Simulated annealing LeetCode 1515. Best Position for a Service Centre
1515. Best Position for a Service Centre
1 min readJul 15, 2020
From the mathematic’s point of view, this problem is related to the Fermat point. We have a similar problem to this leetcode problem as shown in [2]. The solution of the problem shown in [2] can be found in [1].

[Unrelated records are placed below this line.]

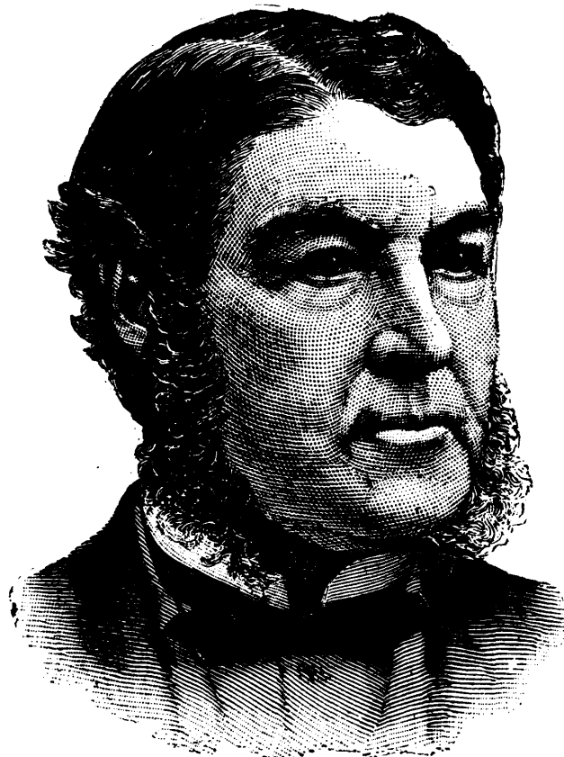
SIR CHARLES TUPPER, MEMBRE CANADIEN DE LA COMMISSION DES PÊCHERIES

La ligne, par insertion - - - - - 10 cents Insertions subséquentes - - - - - 5 cents Tarif special pour annonces à long terme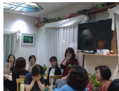
12日の夕食会は遅くまで盛り上がりしました(笑)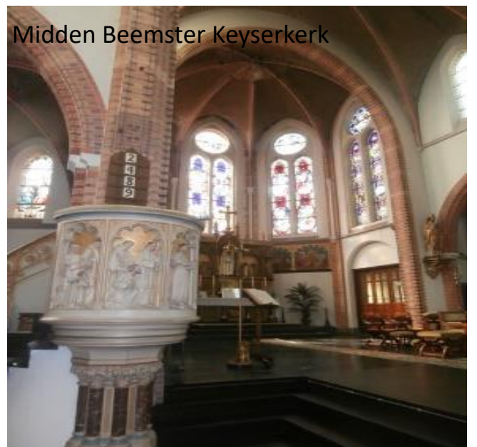
Midden Beemster Keyserkerk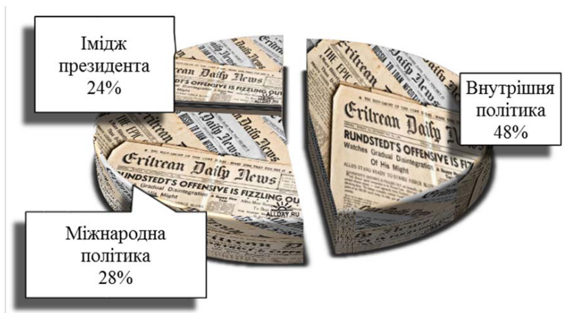
Рис. 1. Доля сфер діяльності президентів світу в повідомленнях ресурсів Інтернету за 2019 р.

(13 %); у багатьох матеріалах оглядачі коментують відносини президента країни з органами законодавчої (12 %) та виконавчої влади (12 %).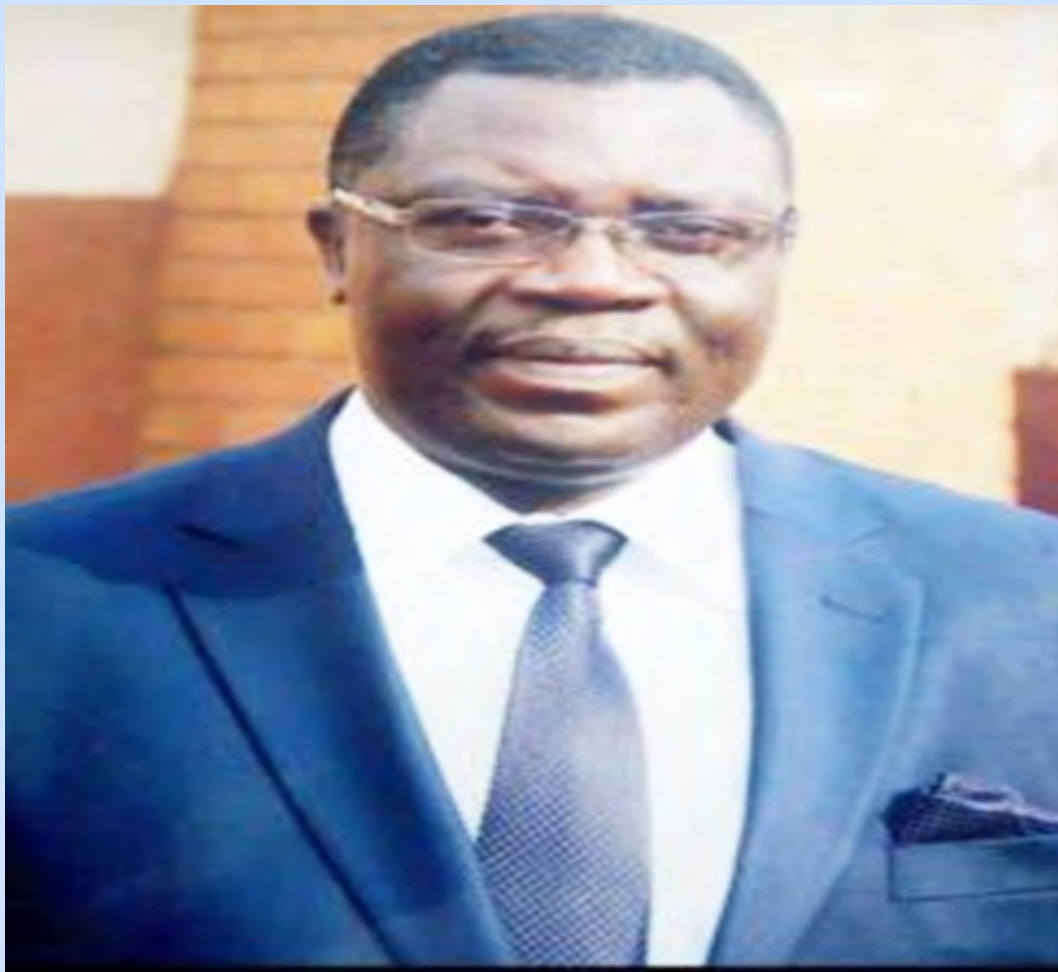
Le Président du CNC/Cameroun, M. Joseph CHEBONGKENG KALABUBSU

durée de 55 minutes, il est diffusé en boucle sur les antennes de l'office national de rediffusion camerounais ainsi que sur les antennes des médias privés qui ont adhéré au projet et ont offert gracieusement leurs espaces à sa diffusion. La campagne s'est poursuivie dans la ville de Douala où le CNC s'est déporté au sein des rédactions de certains organes de presse en vue de mener des échanges à caractère pédagogique avec les journalistes sur les mécanismes d'éradication du discours de haine dans leurs productions. Et entre temps, le CNC en tant qu'organe de consultation a émis un avis à l'endroit des pouvoirs publics. Un avis dans lequel il analyse les éléments de compréhension du discours de haine, dresse un état des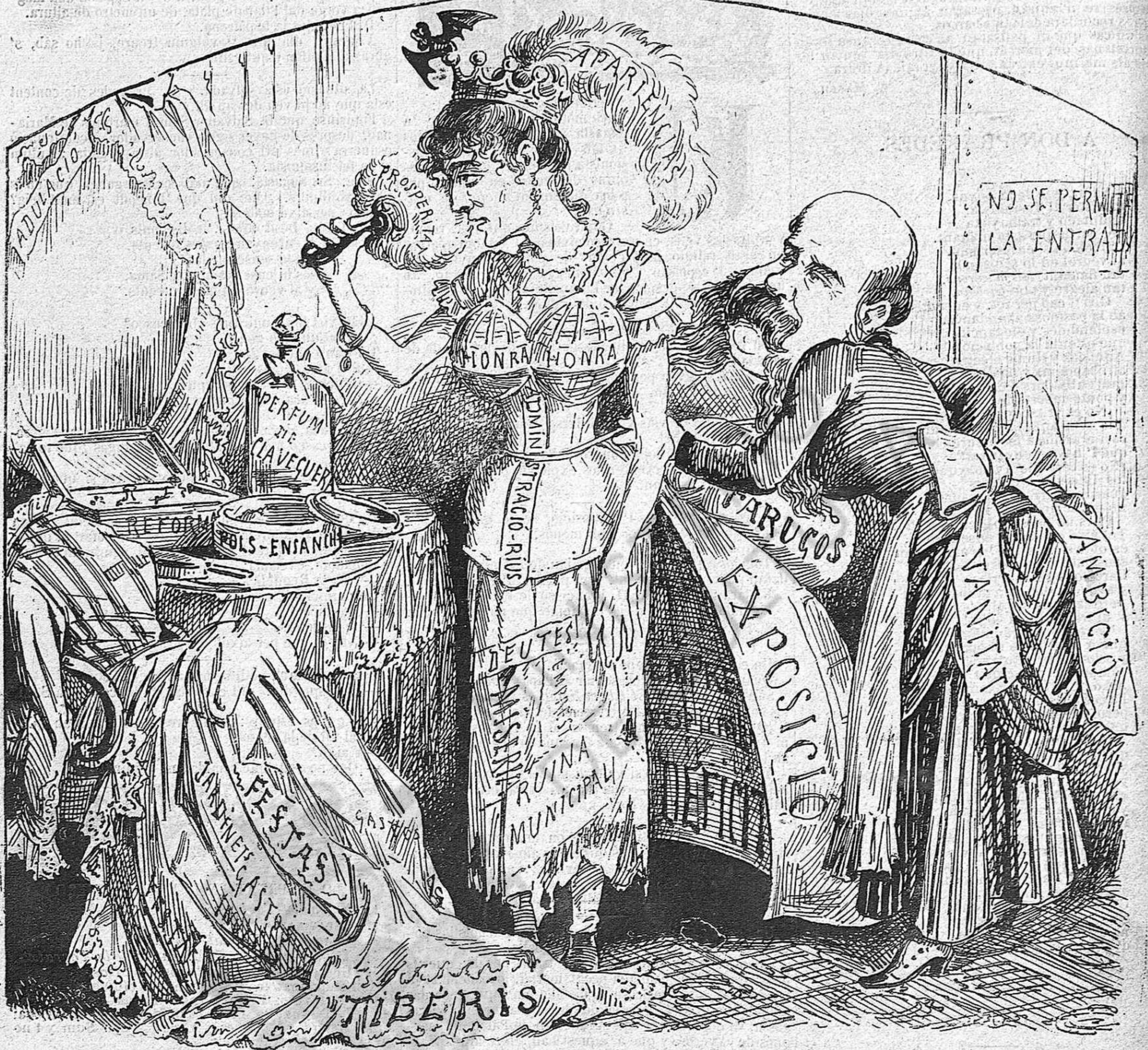
L' arcalde la va cubrint ab flors y adornos en gran, per taparli la miseria que avuy se la está menjant.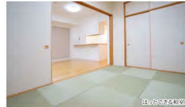
ほっとできる和室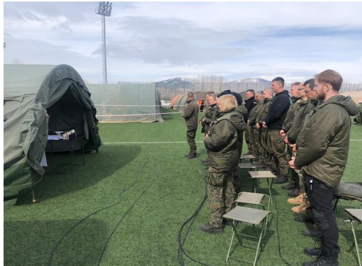
2 Wojskowy Szpital Polowy we Wrocławiu laureat nagrody w kategorii instytucjonalnej ANIMUS FORTIS (Mężny Duch) 2023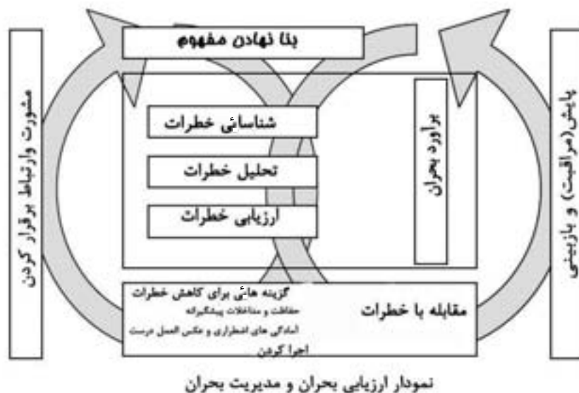
شکل ۵: نمودار مدیریت بحران و ارزیابی بحران (بروکرفوف، ۲۰۰۷، ص ۱۱۷) مطابق استاندارد استرالیا AS/NZS 4360: 2004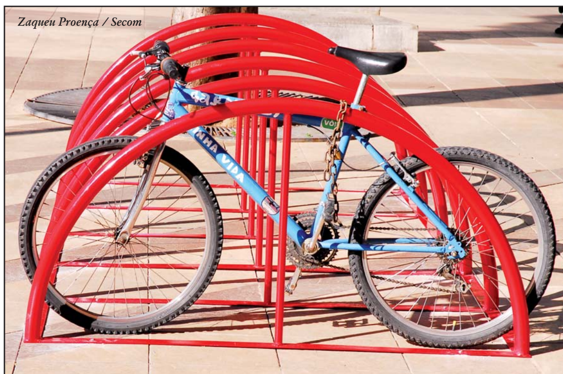
Cada Paraciclo tem capacidade para guardar doze bicicletas.

Também está prevista a construção de um bicicletário ao lado do Terminal Santo Antonio. Diferente do paraciclo, o bicicletário será fechado e terá maior capacidade.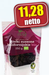
Śliwka suszona kalifornijska BIO 150 g S0405000081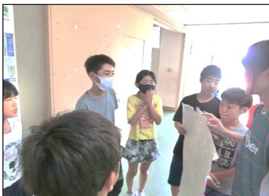
あいさつ運動の打合せをしています

全校児童が縦割り班にわかれて「あいさつ運動」を行っています。挨拶をするときのキーワードは「明るく」「元気に」「笑顔」です。広渕小の1日は、明るく元気な笑顔の挨拶から始まっています。先週は、元気な挨拶を目に見える形に表現しようと、枯れ木に花を咲かせる取り組みを行いました。元気な挨拶ができた子供たちに画用紙で作った花を渡します。それを次々に模造紙に貼っていったところ、一気に花が咲きました。それが上の写真です。昇降口ホールに掲示していますので学校へお立ち寄りの際は、ぜひご覧になってください。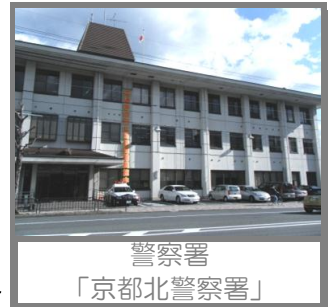
警察署 「京都北警察署」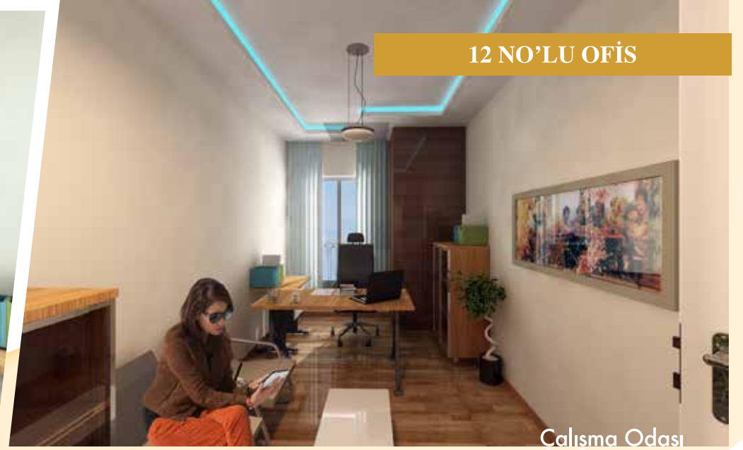
12 NO'LU OFİS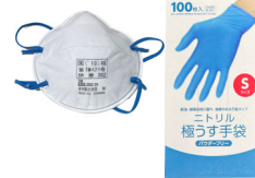
使い捨てマスクは、DS3 (FFP2, NP99等)やDS2 (FFP2, NP95等)などを使いましょう。ニトリル手袋は図書を汚さないようにパウダーフリー(粉無し)のものを使いましょう。

もしあなたの図書館に、ヒ素を含む本、あるいは、ヒ素を含むかもしれない本があったら、どうしたらよいでしょうか？まず、使い捨てのマスク、使い捨てのニトリル手袋(粉なし)等で自分自身をしっかりと防護して、その本を密封できる透明の袋に入れ、隔離しましょう。その本が置かれていた書架の棚板や、隣接していた本の表紙には、ヒ素を含む表紙から出た埃が付着しているかもしれませんので、ペーパータオルなどでそれらを拭きましょう。使用したペーパータオルは、使い捨てマスク、使い捨てニトリル手袋などと一緒にゴミ袋に入れて密封し、有害物質として処理しましょう。隔離した本は、ヒ素を含む(あるいはそのおそれがある)ことを明記したうえで鍵のかかるキャビネット等に入れて、その鍵もきちんと管理しましょう。また、隔離した本の代替物として、デジタルアーカイブのURLや、複製された同一の本を収蔵する図書館を探して、利用者から請求があった際に提供できるようにしておきましょう。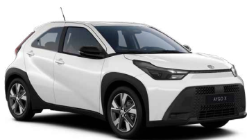
040 Pure White lakier podstawowy bez dopłaty – Active, Comfort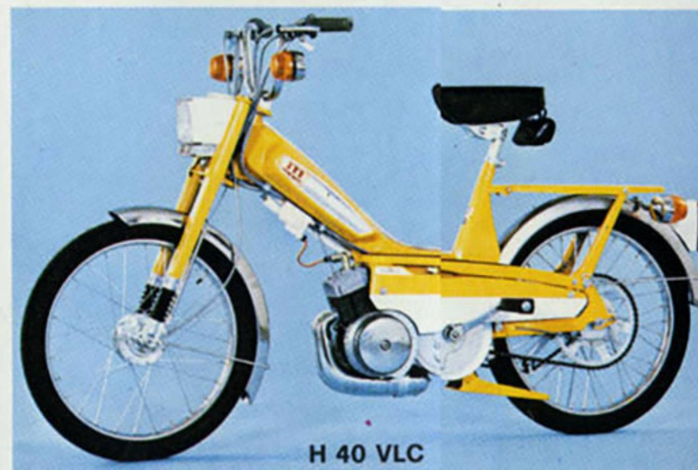
H 40 VLC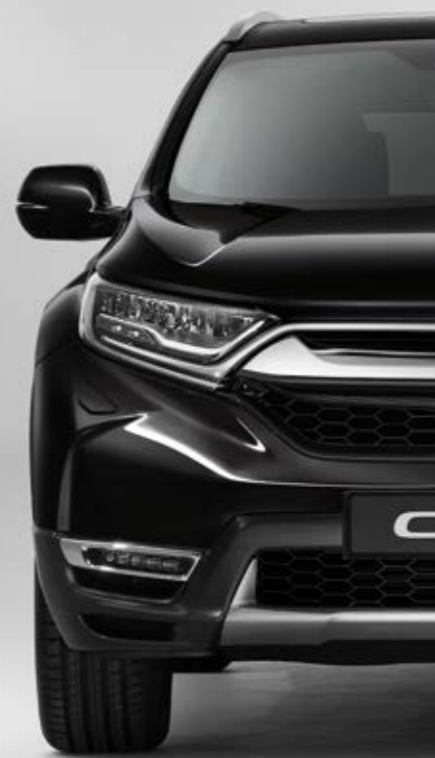
PERLEŤOVÁ CRYSTAL BLACK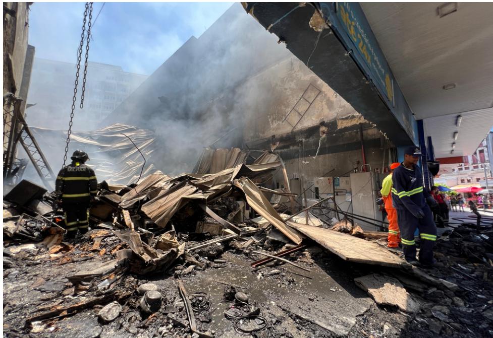
INCÊNDIO aconteceu no começo da manhã e causou alvoroço no Centro da capital

APÓS INCIDENTE, Defesa Civil realiza inspeção e prédio do Magazine Luíza pode ser demolido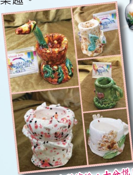
製成品的色彩繽紛，十分悅目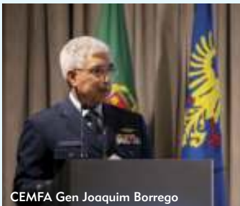
CEMFA Gen Joaquim Borrego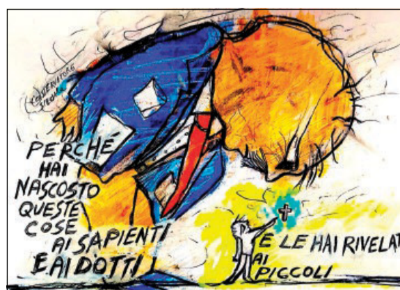
Illustrazione di José Corraçia

Quante volte la sera guardo la televisione e ascolto le parole di esimi professori di filosofia, eccelsi economisti, illustri scrittori, seguo in silenzio le loro frasi taglienti, definitive, indiscutibili. Nessuna affermazione è introdotta da un «mi sembra...», «a volte ho l'impressione che...», «forse potrebbe essere che...». Mai. Sono sempre parole perentorie, che scendono giù di taglio come accette. Loro sono i sapienti,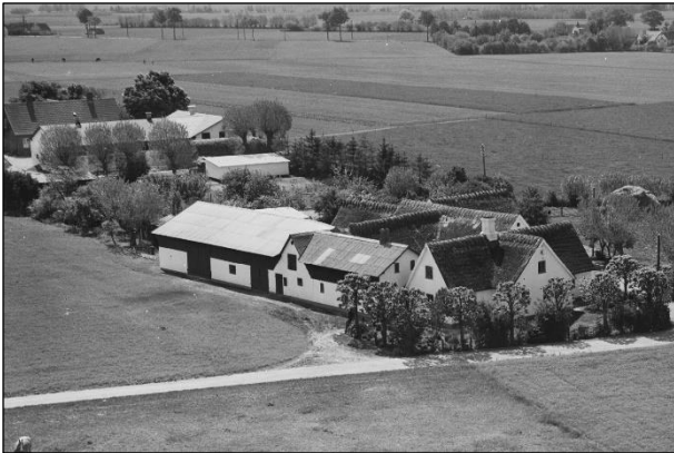
Eskelund - Luffoto 1954 (Løderupgaard i baggrunden)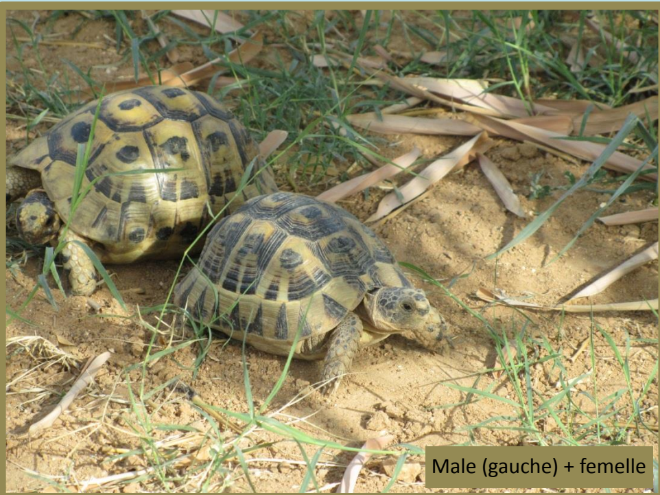
Male (gauche) + femelle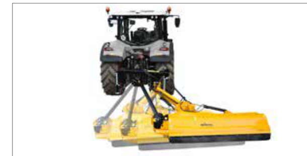
Raza de pivotare generoasă permite lucrul atât în spatele tractorului, cât și lângă acesta. La căile de circulație înguste și marginile câmpurilor resturile vegetale pot fi tocate uniform.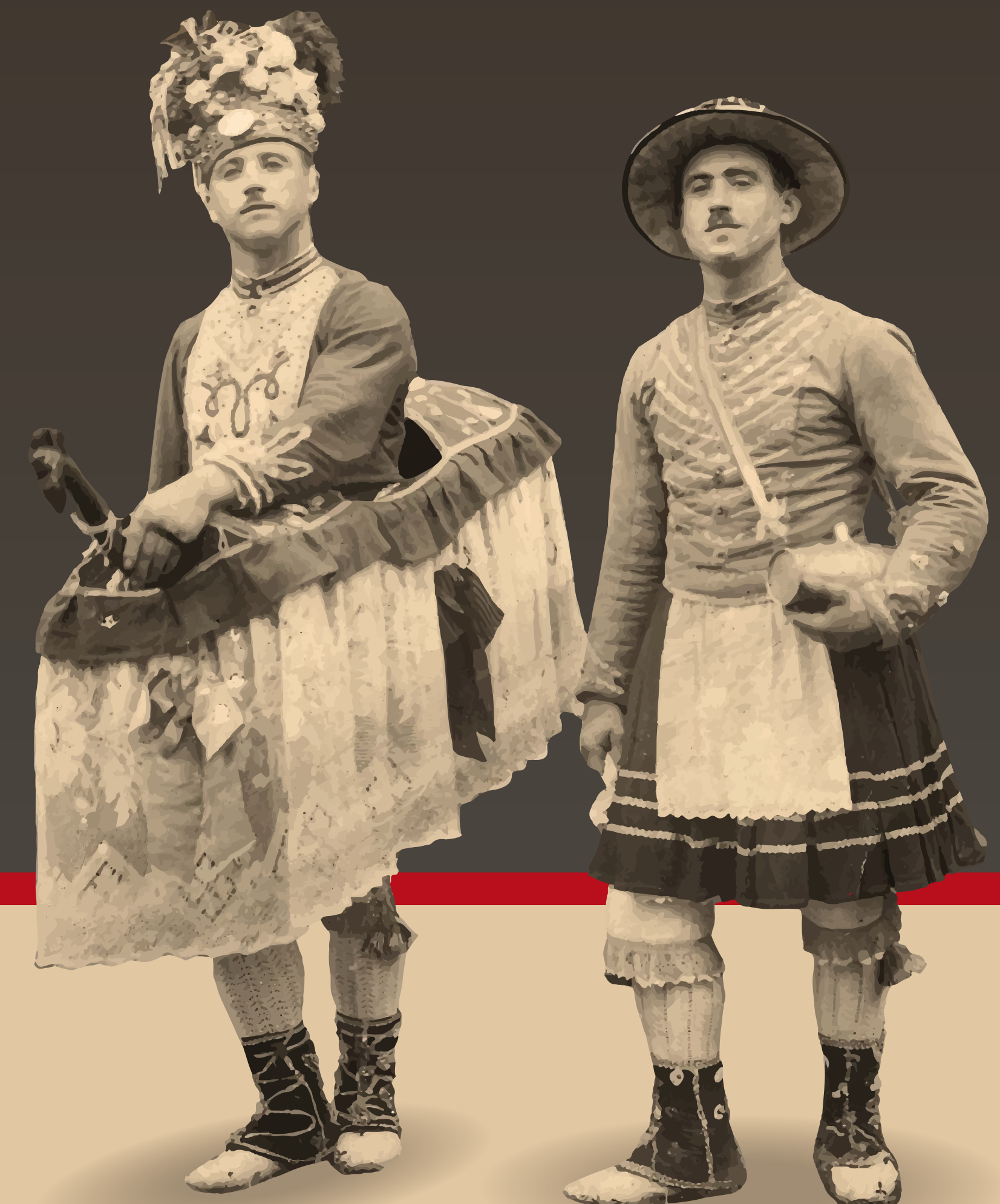
1946 - Place de Tardets. « Durant le Jeudi gras Tardets recevait chaque année les mascarades, ici celle d'Ordiarp. On ne pouvait concevoir aller à Tardets sans danser le branle. Lorsque plusieurs mascarades s'y retrouvaient, celle qui dansait le branle était tirée au sort. »

We can use the simulated annealing algorithm to solve this problem. The code from Aoxiang Cui can be found HERE:
struct Point{double x, y;};class Solution {
public:
double sqr(double x)
{
return x*x;
}
double get_dis(vector<Point> & points, Point c)
{
auto x= c.x, y = c.y;
double ret = 0.0;
for (auto p :points)
{
auto px=p.x, py = p.y;
ret += sqrt(sqr(px-x)+sqr(py-y));
}
return ret;
}
double getMinDistSum(vector<vector<int>>&p)
{
const int n = p.size();
vector<Point> points(n);
for (int i=0;i<n;++i)
{
points[i] = {(double)p[i][0], (double)p[i][1]};
}
Point c = {0, 0};
for (auto point:points)
{
c.x += point.x;
c.y += point.y;
}
c.x /= n;
c.y /= n;
for(double step = 50.0; step>1e-7;)
{
bool found = false;
Point u = {c.x+step, c.y};
if (get_dis(points, u) < get_dis(points, c)) c = u, found=true;
u = {c.x-step, c.y};
if (get_dis(points, u) < get_dis(points, c)) c = u, found=true;
u = {c.x, c.y+step};
if (get_dis(points, u) < get_dis(points, c)) c = u, found=true;
u = {c.x, c.y-step};
if (get_dis(points, u) < get_dis(points, c)) c = u, found=true;
if (!found) step /= 2.;
}
return get_dis(points, c);
}
};